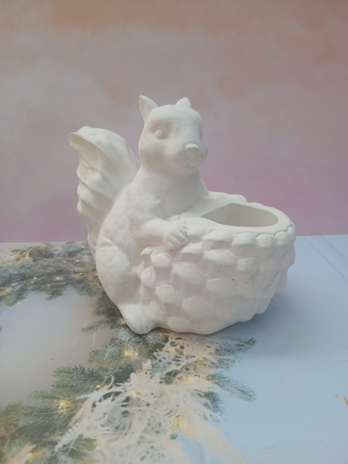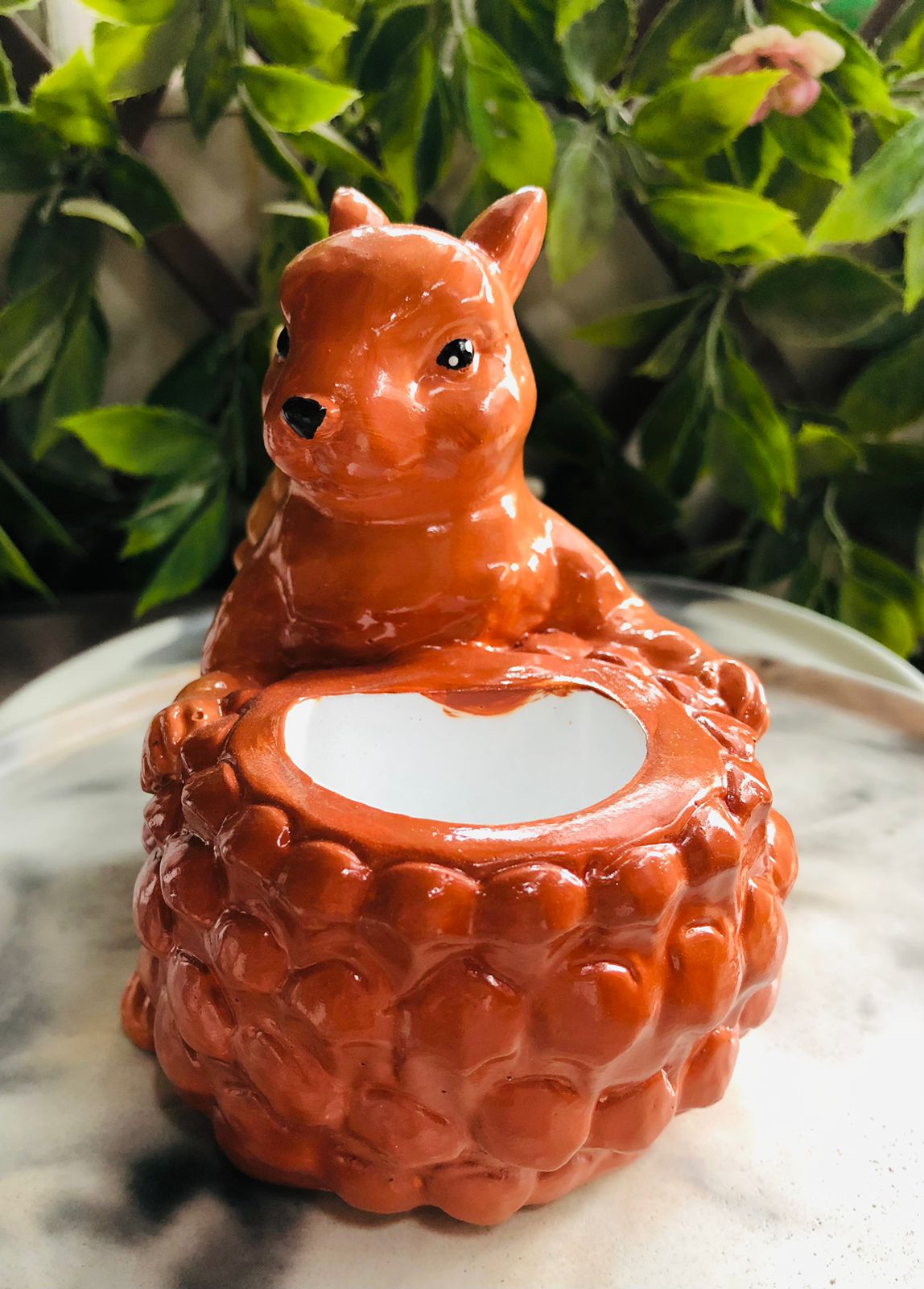 Maceta Ardilla, material cemento blanco, altura 12cm, peso 1170g
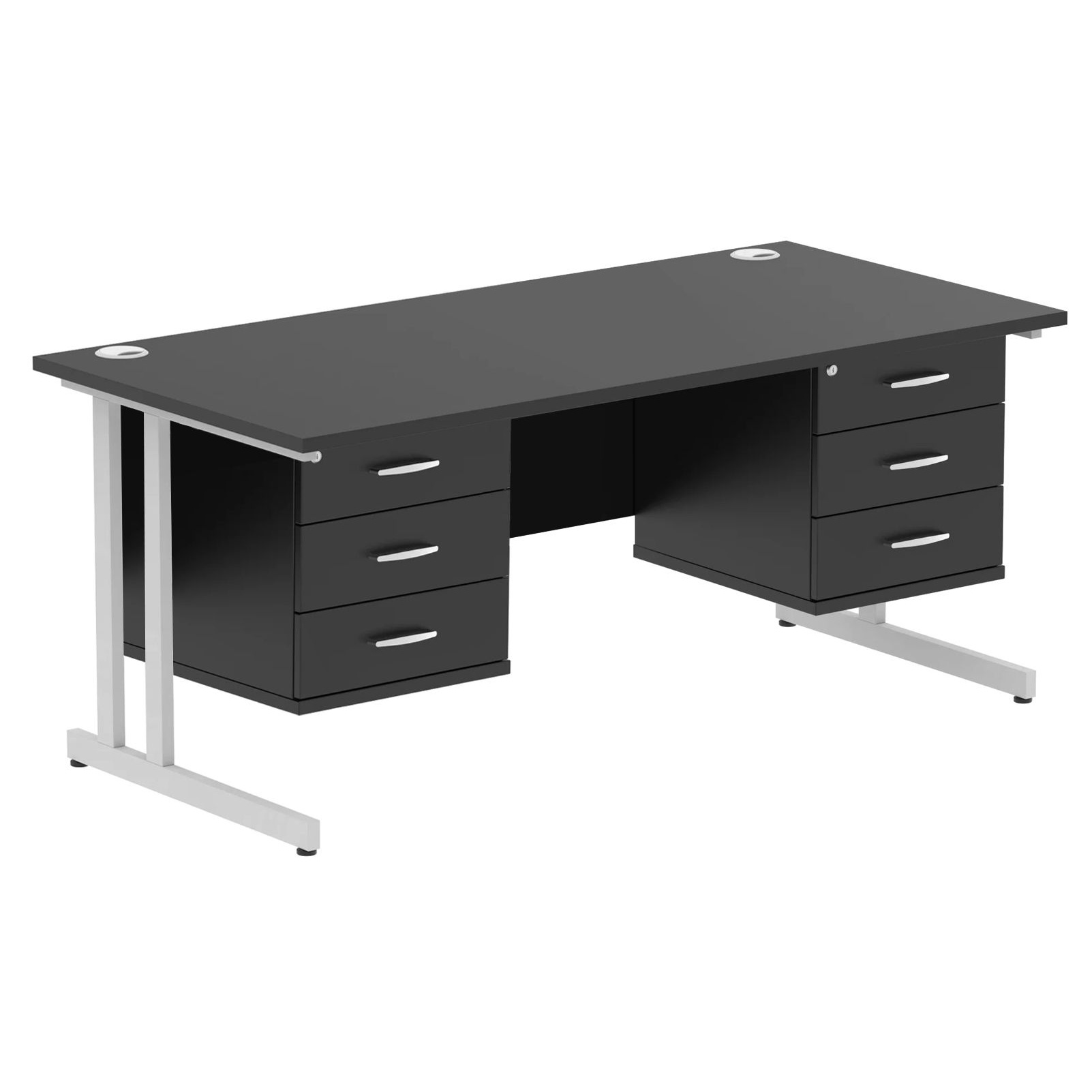 Eclipse Black Rectangular Office Desk With Double Fixed Drawers
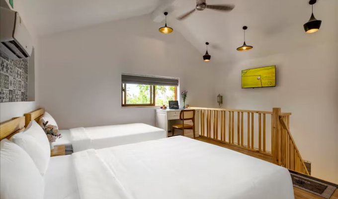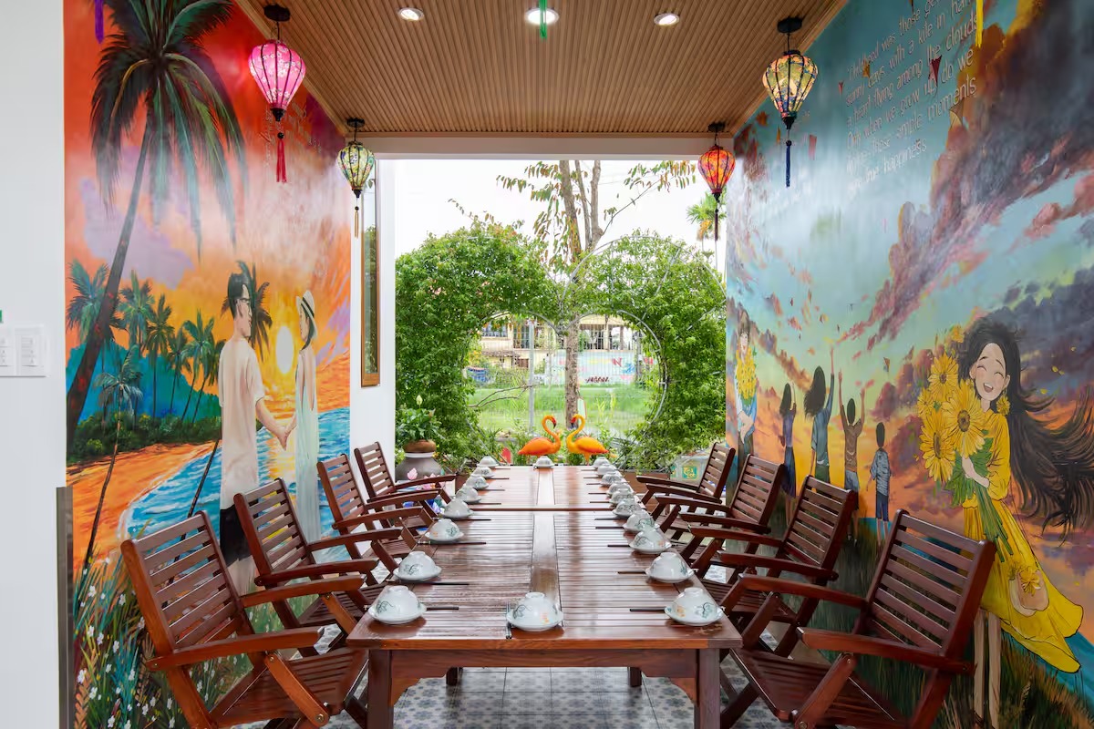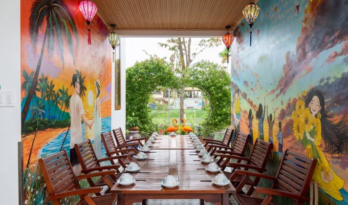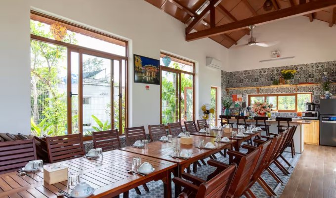 Cette toute nouvelle villa de 8 chambres est l'escapade idéale pour les familles, les grands groupes ou les retraites. Situé sur la rue Cua Dai, à seulement 2 km de la vieille ville, vous séjournerez à proximité de l'action tout en profitant d'une tranquillité totale et d'une vue imprenable sur les rizières.

What the task requires: Print every line of the listing exactly, please, and leave the images out.

Answer section:
 Maceta Ardilla, material cemento blanco, altura 12cm, peso 1170g
 Eclipse Black Rectangular Office Desk With Double Fixed Drawers
 Cette toute nouvelle villa de 8 chambres est l'escapade idéale pour les familles, les grands groupes ou les retraites. Situé sur la rue Cua Dai, à seulement 2 km de la vieille ville, vous séjournerez à proximité de l'action tout en profitant d'une tranquillité totale et d'une vue imprenable sur les rizières.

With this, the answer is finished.